Exercise data:
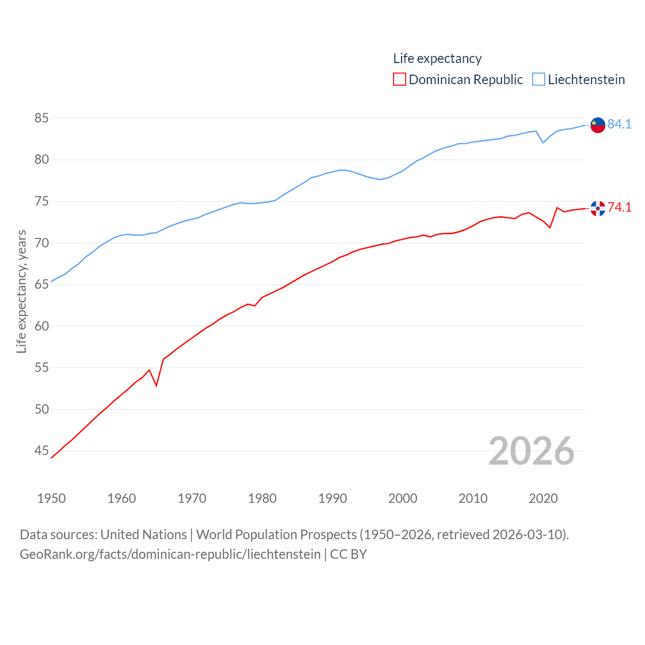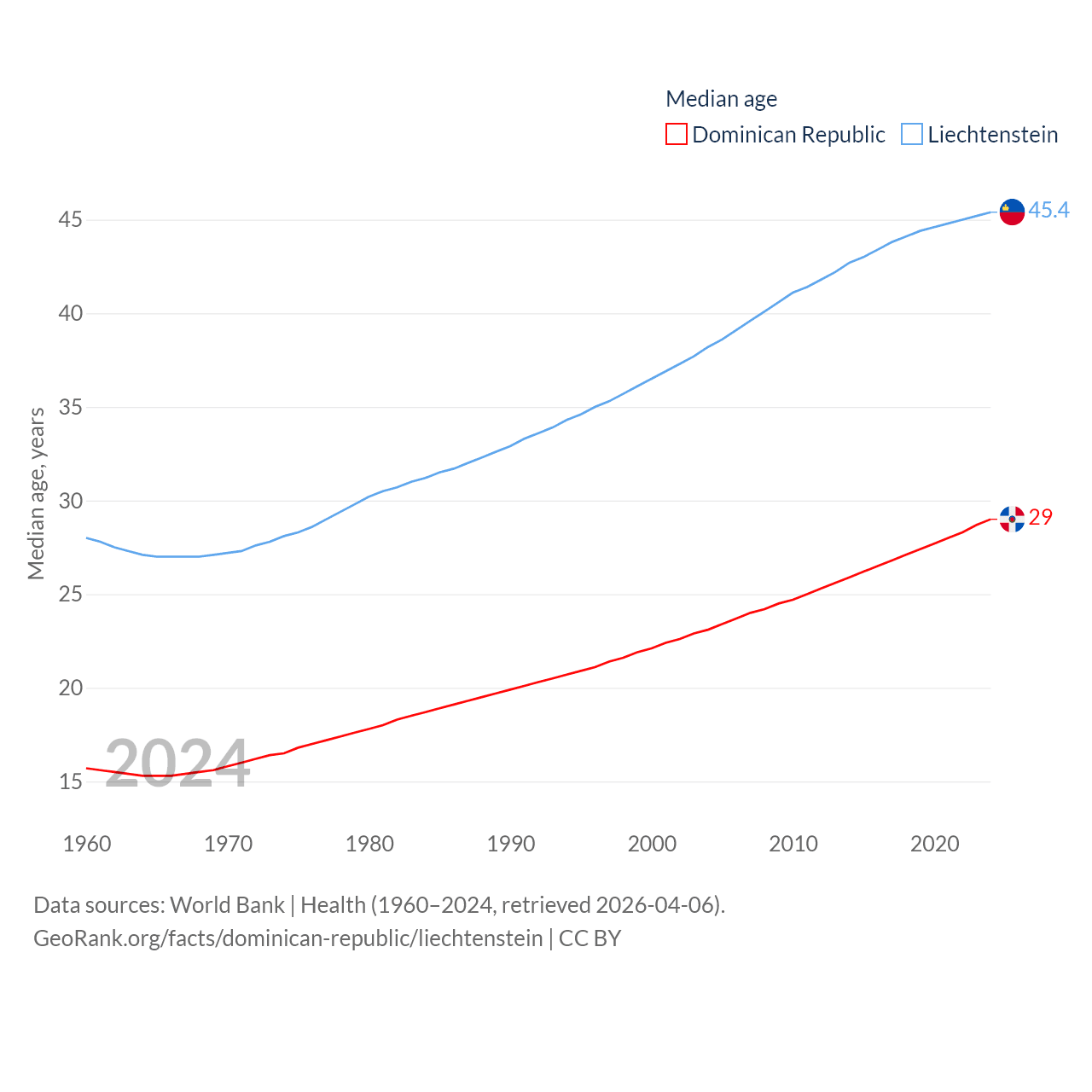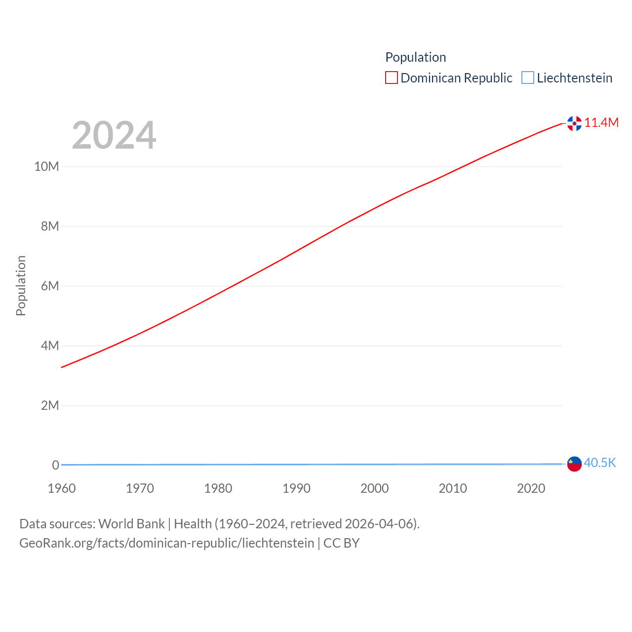 The Dominican Republic has a population of 11.4M (ranked 85/197), compared with 40.4K in Liechtenstein (ranked 190/197). The Dominican Republic's land area is 18,609 sq mi versus 61.8 sq mi for Liechtenstein (ranked 127th vs. 192nd).
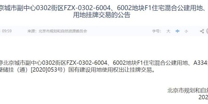 地塊編號京土整儲掛(通)[2020]053號,地塊名稱為北京城市副中心0302街區FZX-0302-6004、6002地塊,建設用地面積4.45萬平,規劃建築面積≤95931.32平方米,土地用途為F1住宅混合公建用地、A334托幼用地,地塊位於通州區梨園鎮,起始價17.9億元。
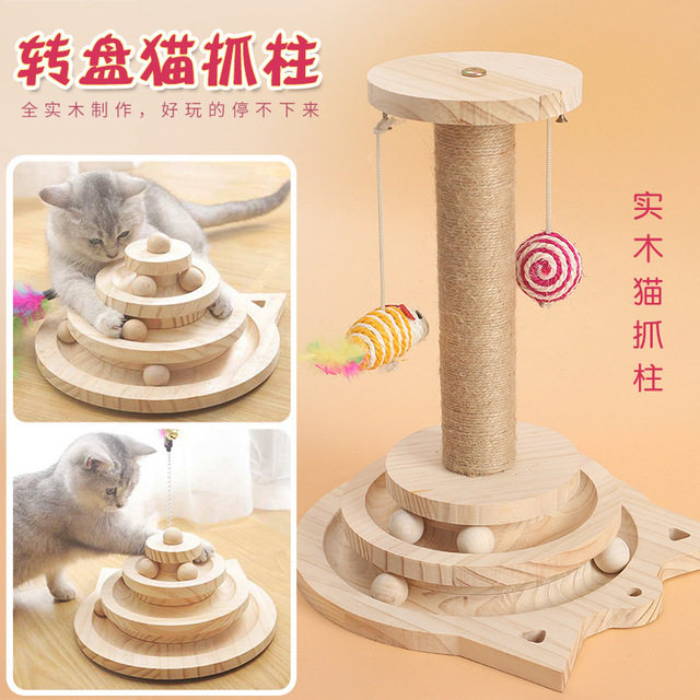 Sisal cat scratching board cat scratching column claw grinder vertical solid wood turntable wear-resistant cat climbing frame funny cat toy cat pet

Exercise aim:
Could you copy the lines above exactly and skip the images?

Output of the exercise:
 The Dominican Republic has a population of 11.4M (ranked 85/197), compared with 40.4K in Liechtenstein (ranked 190/197). The Dominican Republic's land area is 18,609 sq mi versus 61.8 sq mi for Liechtenstein (ranked 127th vs. 192nd).
 地塊編號京土整儲掛(通)[2020]053號,地塊名稱為北京城市副中心0302街區FZX-0302-6004、6002地塊,建設用地面積4.45萬平,規劃建築面積≤95931.32平方米,土地用途為F1住宅混合公建用地、A334托幼用地,地塊位於通州區梨園鎮,起始價17.9億元。
 Sisal cat scratching board cat scratching column claw grinder vertical solid wood turntable wear-resistant cat climbing frame funny cat toy cat pet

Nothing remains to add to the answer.